> [Problem to solve]: Copy nothing but the lines below, from the one with "adsorption constructed zincophilic-hydrophobic" through the one with "12月22日,来自中国美术学", exactly as written; no pictures should appear.

> [Records]:
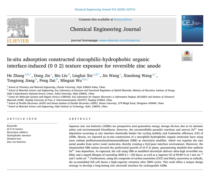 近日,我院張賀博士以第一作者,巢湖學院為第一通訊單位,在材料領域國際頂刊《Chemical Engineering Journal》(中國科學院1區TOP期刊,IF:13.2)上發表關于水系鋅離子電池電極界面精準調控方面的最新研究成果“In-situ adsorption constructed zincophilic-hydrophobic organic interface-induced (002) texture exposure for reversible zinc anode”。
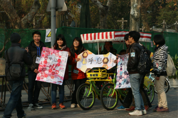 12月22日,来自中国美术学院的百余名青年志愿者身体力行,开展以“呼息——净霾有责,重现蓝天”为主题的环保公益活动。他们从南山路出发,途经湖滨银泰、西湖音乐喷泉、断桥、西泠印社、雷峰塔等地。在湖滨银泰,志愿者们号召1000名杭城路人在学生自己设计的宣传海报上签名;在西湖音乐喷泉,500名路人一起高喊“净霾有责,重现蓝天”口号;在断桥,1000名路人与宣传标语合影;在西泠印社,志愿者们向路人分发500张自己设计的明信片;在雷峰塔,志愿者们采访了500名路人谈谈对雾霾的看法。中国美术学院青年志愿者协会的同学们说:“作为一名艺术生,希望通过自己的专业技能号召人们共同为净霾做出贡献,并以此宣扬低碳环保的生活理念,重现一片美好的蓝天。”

---

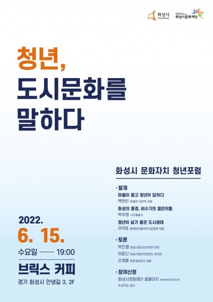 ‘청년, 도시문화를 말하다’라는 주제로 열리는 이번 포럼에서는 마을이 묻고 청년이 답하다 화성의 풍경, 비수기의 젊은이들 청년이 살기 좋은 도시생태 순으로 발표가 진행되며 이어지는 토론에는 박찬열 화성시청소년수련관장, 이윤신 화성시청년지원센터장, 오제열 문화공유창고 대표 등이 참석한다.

---

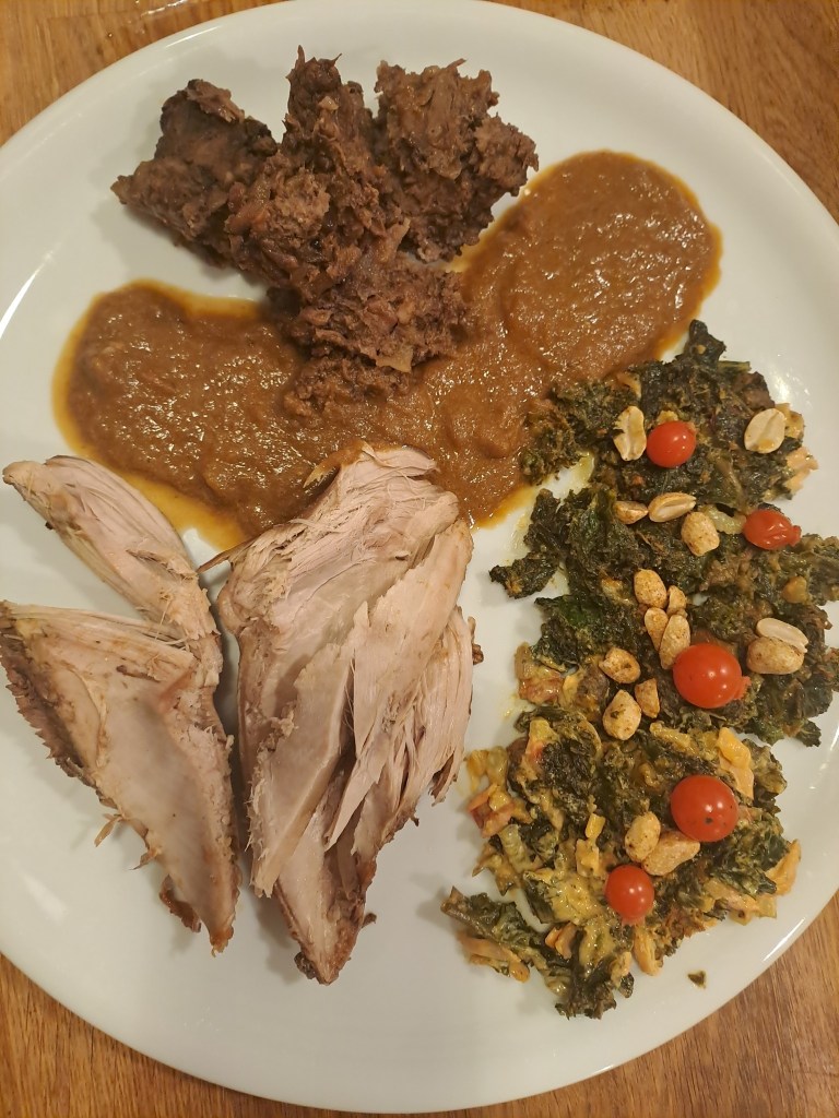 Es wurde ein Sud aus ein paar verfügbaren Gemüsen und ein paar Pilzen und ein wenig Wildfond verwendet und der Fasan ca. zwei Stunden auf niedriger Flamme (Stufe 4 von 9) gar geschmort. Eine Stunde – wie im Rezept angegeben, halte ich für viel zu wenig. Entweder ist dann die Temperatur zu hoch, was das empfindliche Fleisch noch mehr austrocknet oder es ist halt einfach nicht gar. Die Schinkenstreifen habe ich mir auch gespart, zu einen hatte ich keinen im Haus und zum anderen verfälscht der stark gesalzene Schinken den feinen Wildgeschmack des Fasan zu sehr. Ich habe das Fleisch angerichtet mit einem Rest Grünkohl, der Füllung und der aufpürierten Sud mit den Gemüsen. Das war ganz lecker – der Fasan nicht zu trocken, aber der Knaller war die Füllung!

> [Reply]:
 近日,我院張賀博士以第一作者,巢湖學院為第一通訊單位,在材料領域國際頂刊《Chemical Engineering Journal》(中國科學院1區TOP期刊,IF:13.2)上發表關于水系鋅離子電池電極界面精準調控方面的最新研究成果“In-situ adsorption constructed zincophilic-hydrophobic organic interface-induced (002) texture exposure for reversible zinc anode”。
 12月22日,来自中国美术学院的百余名青年志愿者身体力行,开展以“呼息——净霾有责,重现蓝天”为主题的环保公益活动。他们从南山路出发,途经湖滨银泰、西湖音乐喷泉、断桥、西泠印社、雷峰塔等地。在湖滨银泰,志愿者们号召1000名杭城路人在学生自己设计的宣传海报上签名;在西湖音乐喷泉,500名路人一起高喊“净霾有责,重现蓝天”口号;在断桥,1000名路人与宣传标语合影;在西泠印社,志愿者们向路人分发500张自己设计的明信片;在雷峰塔,志愿者们采访了500名路人谈谈对雾霾的看法。中国美术学院青年志愿者协会的同学们说:“作为一名艺术生,希望通过自己的专业技能号召人们共同为净霾做出贡献,并以此宣扬低碳环保的生活理念,重现一片美好的蓝天。”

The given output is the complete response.